About this exercise: Before writing out the records, remove the pictures; keep everything else exact.

Source information:
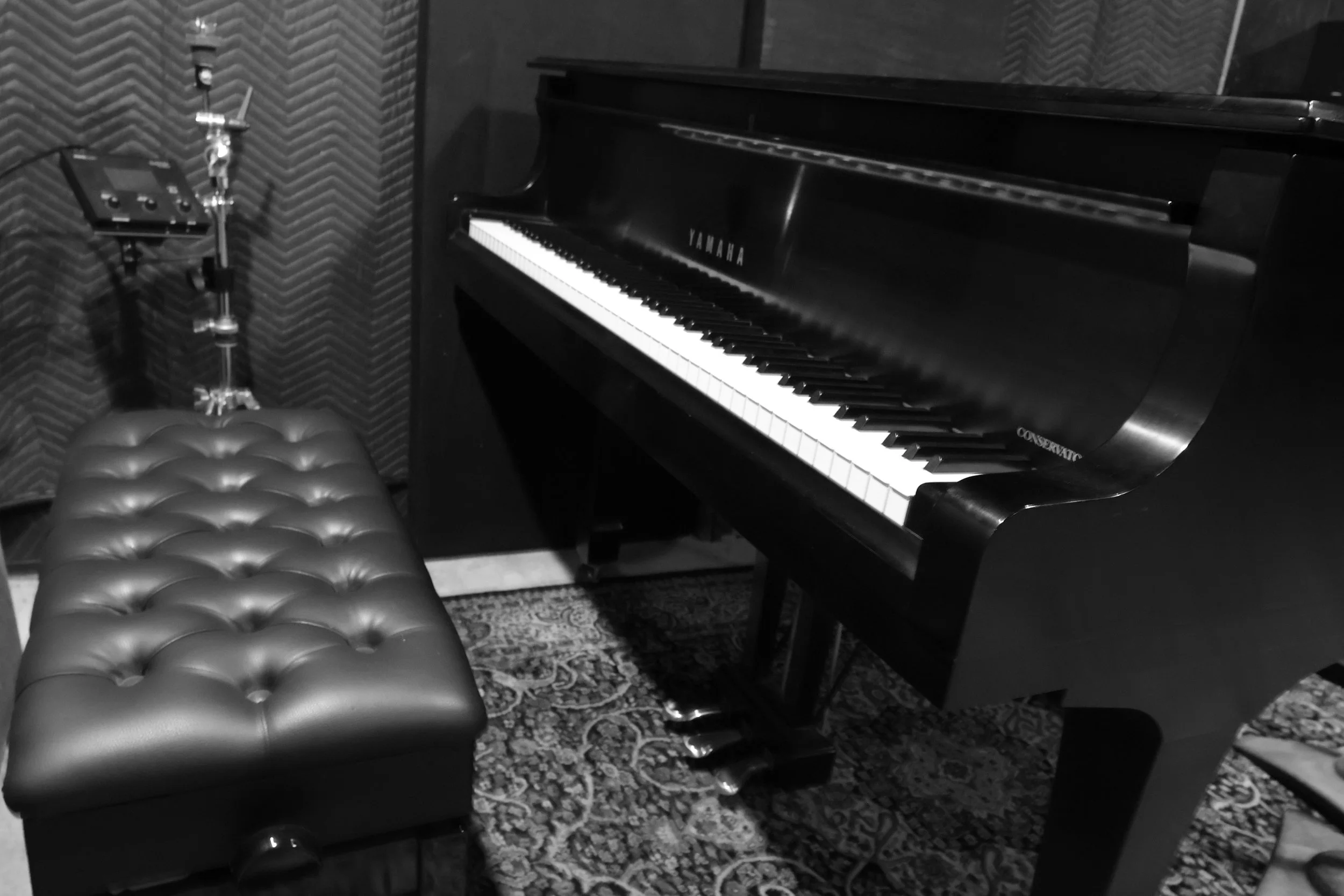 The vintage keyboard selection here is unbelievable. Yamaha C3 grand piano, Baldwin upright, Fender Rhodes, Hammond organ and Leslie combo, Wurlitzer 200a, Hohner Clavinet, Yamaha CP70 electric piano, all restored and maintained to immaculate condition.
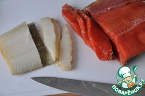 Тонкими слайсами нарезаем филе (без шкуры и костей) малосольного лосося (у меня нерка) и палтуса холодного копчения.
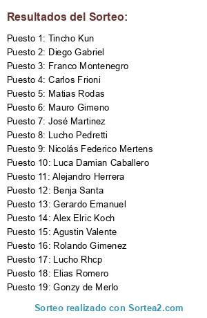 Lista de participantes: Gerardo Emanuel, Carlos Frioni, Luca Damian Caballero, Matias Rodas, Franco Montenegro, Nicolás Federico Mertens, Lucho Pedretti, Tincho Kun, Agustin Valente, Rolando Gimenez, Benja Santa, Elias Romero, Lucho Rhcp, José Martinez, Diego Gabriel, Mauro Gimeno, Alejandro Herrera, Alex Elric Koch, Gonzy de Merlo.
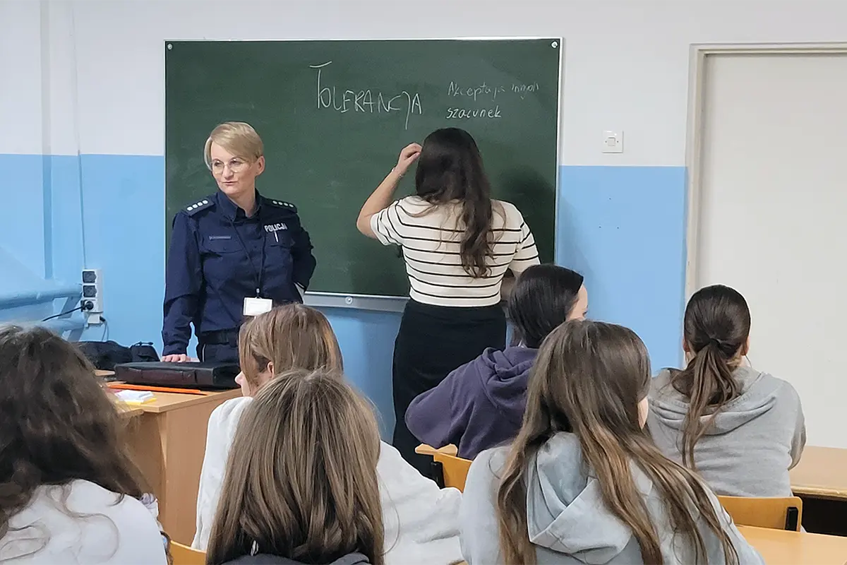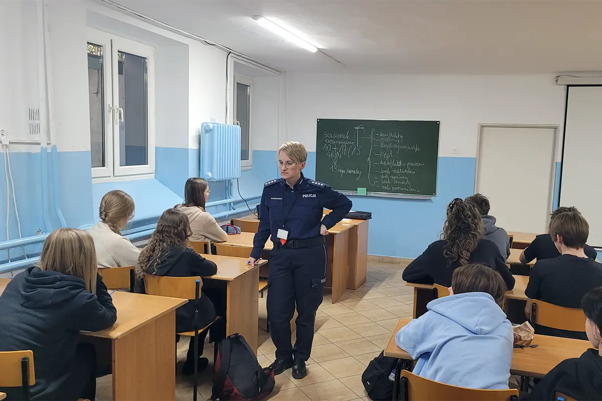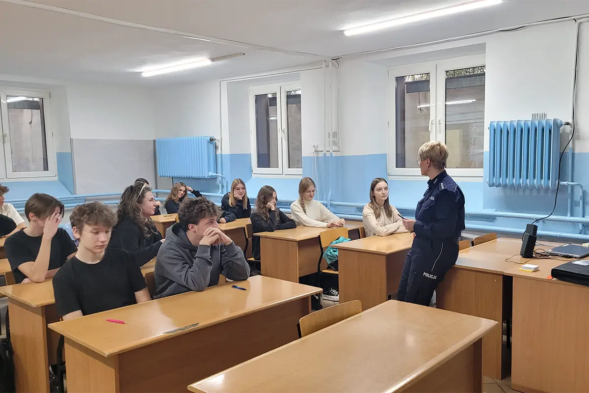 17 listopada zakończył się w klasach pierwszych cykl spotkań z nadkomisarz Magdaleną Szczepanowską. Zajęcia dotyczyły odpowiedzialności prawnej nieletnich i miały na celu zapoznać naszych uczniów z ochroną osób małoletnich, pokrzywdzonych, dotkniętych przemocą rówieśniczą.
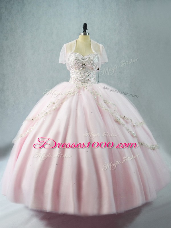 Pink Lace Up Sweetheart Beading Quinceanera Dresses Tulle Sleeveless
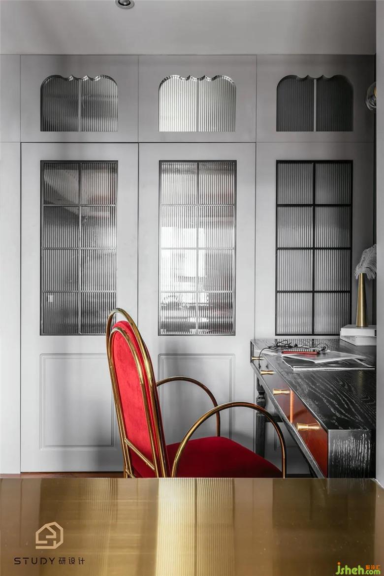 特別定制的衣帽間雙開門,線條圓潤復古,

Answer below:
 The vintage keyboard selection here is unbelievable. Yamaha C3 grand piano, Baldwin upright, Fender Rhodes, Hammond organ and Leslie combo, Wurlitzer 200a, Hohner Clavinet, Yamaha CP70 electric piano, all restored and maintained to immaculate condition.
 Тонкими слайсами нарезаем филе (без шкуры и костей) малосольного лосося (у меня нерка) и палтуса холодного копчения.
 Lista de participantes: Gerardo Emanuel, Carlos Frioni, Luca Damian Caballero, Matias Rodas, Franco Montenegro, Nicolás Federico Mertens, Lucho Pedretti, Tincho Kun, Agustin Valente, Rolando Gimenez, Benja Santa, Elias Romero, Lucho Rhcp, José Martinez, Diego Gabriel, Mauro Gimeno, Alejandro Herrera, Alex Elric Koch, Gonzy de Merlo.
 17 listopada zakończył się w klasach pierwszych cykl spotkań z nadkomisarz Magdaleną Szczepanowską. Zajęcia dotyczyły odpowiedzialności prawnej nieletnich i miały na celu zapoznać naszych uczniów z ochroną osób małoletnich, pokrzywdzonych, dotkniętych przemocą rówieśniczą.
 Pink Lace Up Sweetheart Beading Quinceanera Dresses Tulle Sleeveless
 特別定制的衣帽間雙開門,線條圓潤復古,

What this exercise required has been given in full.